Visualising Visual Words In Videos

Global bag of visual word models (a.k.a bag of features - BoF) are used to achieve state-of-the art classification performance on challenging video data.

Each element in a BoF histogram represents the frequency of occurrence of a particular visual word;

a visual word represents a group of features which are similar by some distance measure in the feature space (usually euclidean).

Therefore BoF is an unstructured representation i.e. a random permutation on the position of visual words will generate the same histogram.

The pattern of visual words in a video is not arbitrary,

however finding a suitable representation to capture the structure of visual words is hard.

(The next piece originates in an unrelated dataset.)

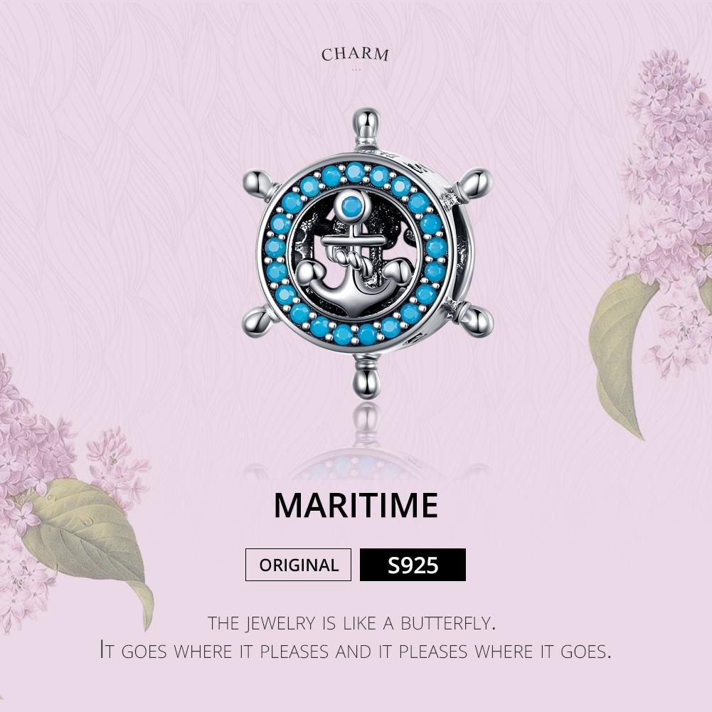 925 Sterling Silver Diy Boat Rudder Bracelet & Blue Beads

This collection of MATLAB tools is intended to help visualise the `visual words' generated for video data during the popular bag of visual words pipeline.

Usage:

1) Add folder to current MATLAB directory and set the path to the toolkit directory: /home/your_folders/visualising_video_visual_words

2) Run "demo.m"

(Tested on MATLAB 2010a + Ubuntu 12.04 64bit)

Download

In the following videos from the KTH dataset,

the trajectory feature components from Heng Wang et al. have been clustered into a 16-visual word vocabulary.

Example 3D plots:

Each circle corresponds to mean position of a space-time feature.

Each colour corresponds to a different `visual word'.

Size of circle corresponds to the scale at which feature was extracted.

Histogram in top left corner shows the frequency of each word on that particular frame (un-normalised). (video)

The black number (top left corner) is the frame number. (video)